We’ve asked Laura Masini, QA of CSV Active, what the value of quality for CSV Active is. So, she told us how the Quality Unit of CSV Active works.
CSV Active staff working in the intermediates and API trading business has for many years been linked to suppliers mainly form the Far East thus assuring costumers of a highly qualified knowledge and meeting all their technical and regulatory requirements. Today, CSV Active works mainly in Europe and especially in the Italian market.

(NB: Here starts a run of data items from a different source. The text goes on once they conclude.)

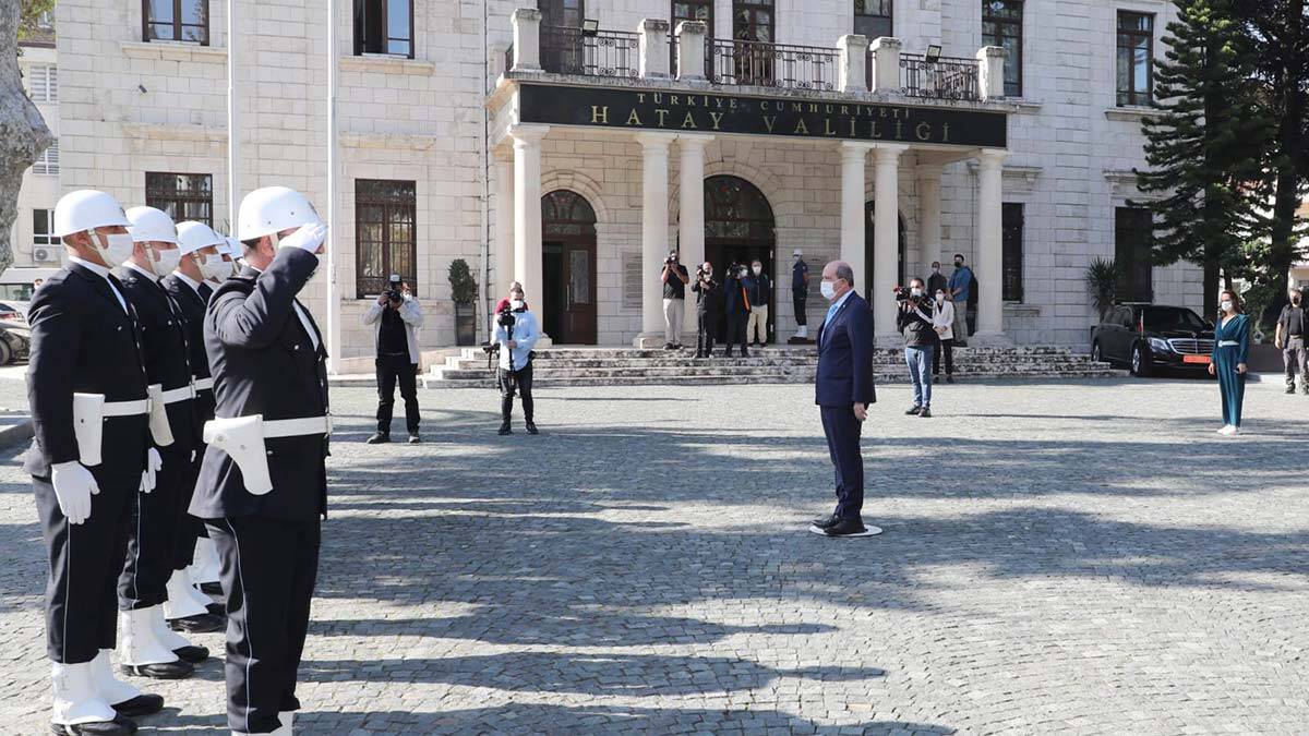 KKTC Cumhurbaşkanı Tatar, Hatay programı kapsamında ilk olarak valiliği ziyaret etti. Tören mangası ile karşılanan Tatar, valilik şeref defterini imzaladıktan sonra Vali Rahmi Doğan ile bir araya geldi. Ziyarette konuşan KKTC Cumhurbaşkanı Tatar, “Türkiye ile Kuzey Kıbrıs Türk Cumhuriyeti fevkalade güzel ilişkiler içerisinde.
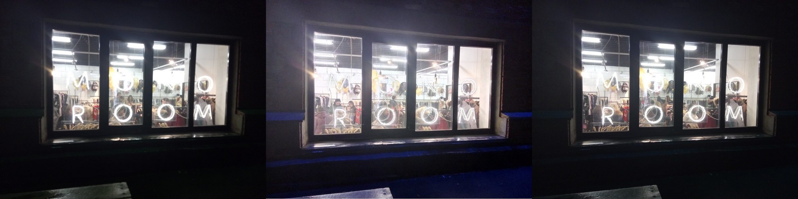 Ниже видим три снимка слева направо: в обычном режиме (смазанный), в режиме «Профессиональный» (лучший результат) и в режиме «HDR» (пересвеченное изображение с обилием бликов).
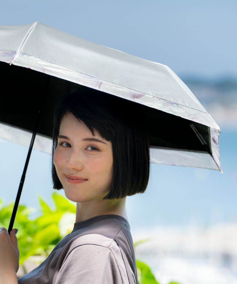 オーガンジー生地がポイントになりながらも、派手になりすぎないテイストの柄なので、どんなファッションにも合わせやすい日傘です。
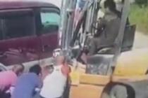 小伙開叉車救援被壓女孩
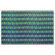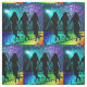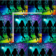 Este design de tecido tem uma silhueta de um grupo de dança de linha dançando em um andar de dança colorida do arco-íris que tem símbolos de música e há luzes de palco e uma bola de disco no fundo. Há outros designs como este com dançarinos/posições de dança diferentes.
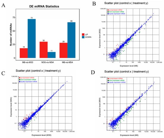 Statistical analysis of DE miRNAs. Note: Scatter plots show up- and downregulated DE miRNAs between groups, with the horizontal coordinates showing the expression levels in the control group and the vertical coordinates showing the expression levels in the test group. Red color indicates upregulated miRNAs, green color indicates downregulated miRNAs, and blue color indicates co-expressed miRNAs. (A) Number of up- and downregulated DE miRNAs in 3 groups of Tianzhu white yak. (B) Scatter plot of DE miRNAs relative to M6 at M30. (C) Scatter plot of DE miRNAs relative to M30 at M54. (D) Scatter plot of DE miRNAs relative to M6 at M54.
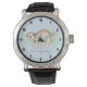 Wasserfarben-Design; Lächelnder Faden auf Baumzweig, hellblauer Hintergrund. Stellen Sie die Uhr mit Namen oder einer anderen speziellen Nachricht ein
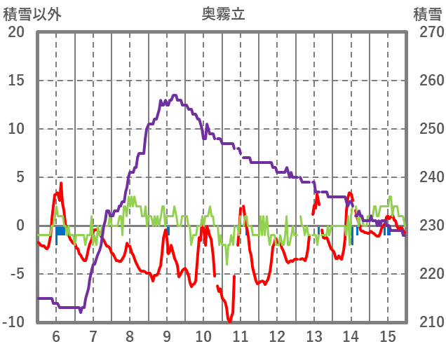 | 日 | 時 | 気温 | 降水 | 風向/風速 | 日照 | 積雪 | 降雪 |

The focus on quality started about 8 years ago, as Laura told us. Indeed, “in 2014 AIFA issued a legislative decree whereby the importation was defined as production activity. CSV Active decided then to kick off the route to become a Pharmaceutical Workshop. In the next three years, we set up a document management system, starting with procedures defining in detail all quality-related aspects, such as the management of documentation, of deviations and corrective actions or the way suppliers are selected and qualified.”
For this reason, CSV Active has established a new office, which can be called Quality Unit, currently consisting of Laura, which is the Quality Assurance, and Tommy Barzetti, CSV Active QP, i.e. the qualified person. Laura explained us that “these are two compulsory figures in the relationship with AIFA. The QP must certify the batch release and is a reference figure responsible for guaranteeing the supply chain and the qualification of ours suppliers, while the QA is responsible for the entire quality management system within the pharmaceutical workshop.”
Then she specified the process to obtain import approval for an active ingredient, a process that involves specifically the quality department. “The first step for the approval consist in the audit. This GMP inspection is a key activity and is a part of the qualification process of our internal procedures. Both the QP and I are qualified and authorized to conduct audits. For this kind of activities, our previous working experience in the active ingredients production has turned out to be essential since we are trained to notice and deal with any problematic related to the pharmaceutical bulk production.”
Experience and ongoing training.
But quality involves also ongoing training for the staff. As Laura said, “preparing an annual training plan and implementing these training activities are very important to us in CSV Active. especially because Being a Pharmaceutical Workshop means that CSV Active has to maintain a certain level of knowledge and internal organisation. All our employees are periodically trained about GMP standards and therefore all our staff is constantly oriented towards quality aspects. And of course this is a benefit for the end customers too, as knowing they’re dealing with a counterpart who is competent and knows all the requirements to be met certainly makes our interlocutors feel more comfortable. This applies to the Quality Unit, which by its very nature is always up-to-date and informed, but also to the sales function. CSV Active sales staff, for example, is able to assess from the very beginning whether or not a specific producer meets the basic requirements and whether or not he is a candidate for a subsequent selection phase, thanks to the training.”
The power of the Group.
“Thanks to our belonging to CSV Life Science Group” Laura said, “in CSV Active we’re always putting in the middle the service quality for the client. Advantages for whoever decides to work with us are several, starting from the audits that in addition to be an obligation for a Pharmaceutical Workshop are a plus for the customer itself. Indeed, all the active ingredients producers are obliged like CSV Active to be inspected every three years. But, our customers can rely and refer directly to us, since we have always a complete package of documentation. For example, recently one of our business partners who was upgrading its regulatory department asked us if we could share our audit report and the management and closure of deviations.”
A plus for suppliers too.
We’ve asked Laura if suppliers also have an advantage in cooperating with CSV Active. “Of course they have a benefit” she replied. “Actually, for our suppliers we are not only a business partner that conducts audits, defines all the documents and aspects for the authorization, but we are always responsible for maintaining their qualification status, creating a continuous exchange that improves and reinforces their performance.
Moreover, we help the suppliers understand what the regulatory requirements in Italy and Europe are. For instance, an Indian company was struggling after an Italian producer asked them additional documents. They were at firs reluctant and did not understand the client needs, who wanted the documentation in order to comply with Italian regulations. But, again, we succeeded in managing customer needs, Italian regulations, and the concerns of the Indian supplier who, having understood the problem, decided to share the documents. We can therefore say that CSV Active is like an intermediary between the Italian and European regulatory expectations, and then the following client needs, and the third countries legislation. This allows us to enrich the supplier with all the information related to Italian laws and to understand the critical points in the interactions between suppliers and customers.”